En 1989, la pintora le propuso a Barea que sirviera de modelo para un retrato de tamaño relativamente grande, del estilo de los que había realizado, por ejemplo, con Gustavo Marrone (Gustavo Marrone en su atelier, 1988) o con su propia hermana (Kiki Laplume entre las flores, 1986). Para esta serie, Schvartz le pedía a cada uno de los retratados que incorporara objetos de su vida cotidiana a la escena. La pintura de Batato, que mantendría como título el apodo sin más, fue realizada en el taller de Schvartz, e incluye una serie de elementos de trabajo que el performer utilizaba en sus presentaciones y otros objetos que propuso: los anillos y collares que él mismo confeccionaba, una estola de piel, una pistola de plástico, un payaso y un osito de juguete, una piraña de utilería y un vaso telescópico de plástico. El fondo vibrante, suerte de empapelado extraído de una telenovela ideal y rebosante de vitalidad, contrasta con la flor dispuesta en un recipiente sobre el escritorio, marchita y descolorida. Batato tiene las piernas cruzadas, una pose habitual en los hombres y mujeres retratados por Schvartz (y que también adopta la propia artista en una fotografía en blanco y negro tomada por Eduardo Grossman en su estudio en 1986, hoy perteneciente a la colección del Museo Nacional de Bellas Artes).

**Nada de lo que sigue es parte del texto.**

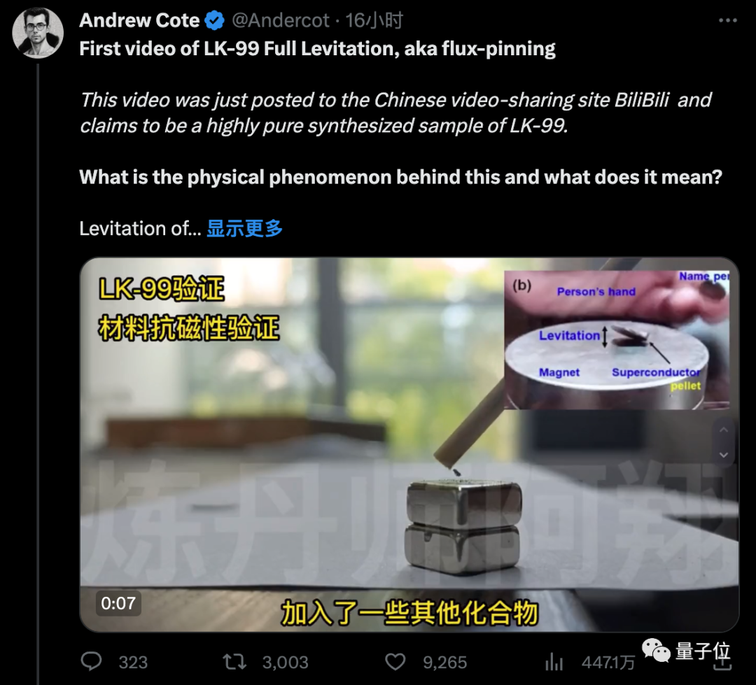 然而,这次的发布与前一阵子各种和LK-99验证相关视频不同——没有署名单位。
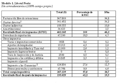 De ahí surge que la presión impositiva actual del sector agropecuario se encuentra entre el 58% y el 103% del Resultado Final Sin Impuestos de las empresas. Con la expectativa de precios de mediados de febrero de 2005 (precios futuros a cosecha), en los planteos con tierra arrendada, la carga fiscal supera el 100% del resultado en algunos casos y los beneficios pueden no llegar a cubrir el costo del capital.
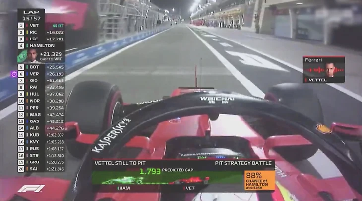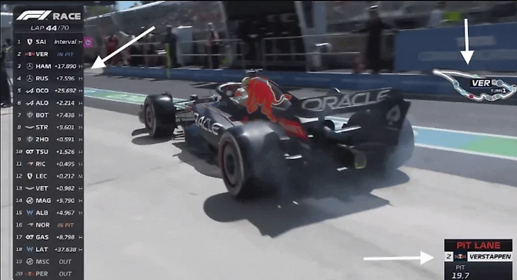 В конкретном случае – Макс Ферстаппен заехал в боксы, а кружки справа показывают, смогут ли преследователи обогнать его, пока он на питлейн.
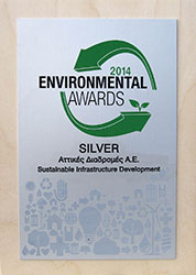 Στην εταιρεία λειτουργίας και συντήρησης της Αττικής Οδού, «Αττικές Διαδρομές Α.Ε.», απονεμήθηκε Silver Award στην κατηγορία «Sustainable Infrastructure Development», στο πλαίσιο της διοργάνωσης ENVIRONMENTAL AWARDS, που θεσμοθέτησε η εταιρεία Boussias Communications και το Plant Management. Η «Αττικές Διαδρομές Α.Ε.» βραβεύθηκε για τις βέλτιστες πρακτικές που εφαρμόζει για την περιβαλλοντική προστασία, στην κατεύθυνση της εναρμόνισης της λειτουργίας του αυτοκινητόδρομου με το φυσικό περιβάλλον.
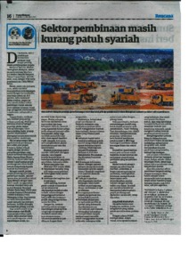 Che Haron, Roziha and Sulaiman, Nurul Nabilah (2025) Sektor pembinaan masih kurang patuh syariah. Utusan Malaysia, Rencana (16hb Oktober 2025). p. 16. ISSN 2716-6694
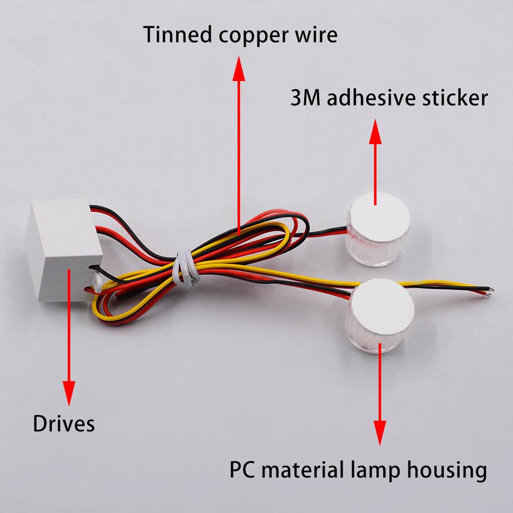 Can be installed At any position in electric car, motorcycle, atv, cars, etc. as running lights, fog lights, brake lights, warning lights
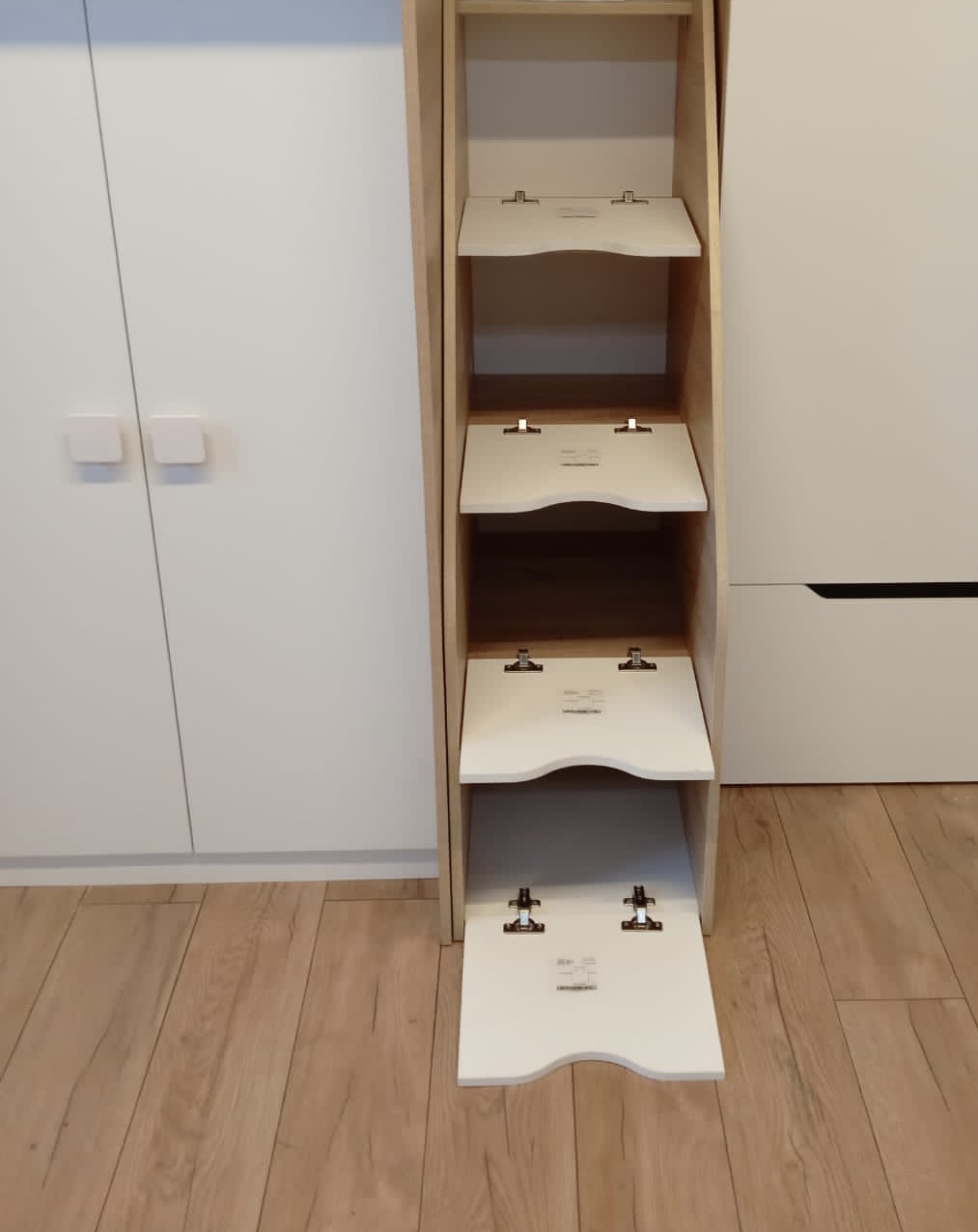 Ящики в лестнице на откидных петлях.

Hay algo de tristeza en el cuadro: el velo desparejo sobre el pelo desaliñado y las piernas masculinas que asoman del vestidito no trasmiten el histrionismo con el que habitualmente se asocia a Batato, sino que se ensamblan en un conjunto inestable comandado por la fragilidad del rostro y, sobre todo, por la mirada melancólica dirigida hacia un fuera de campo indescifrable. En una entrevista de 2007, Schvartz declaró sobre la obra: “Yo creo que todo ese tiempo que él estuvo posando y yo pintando y hubo una onda muy fuerte entre nosotros, todas esas horas están ahí. La pintura es como tiempo congelado pero también es una ventana hacia otra dimensión”. [2]

Batato fue presentada al público en la muestra colectiva Los 80 en el MAM, que tuvo lugar en el Museo de Arte Moderno de Buenos Aires en 1991. En el marco de la exposición, se realizó una performance titulada Tomando el té con Batato, en la que Barea, vestido igual que en el cuadro, recibía a los visitantes junto a su madre en una pequeña mesa repleta de tacitas de plástico, con varias pinturas de Schvartz de fondo.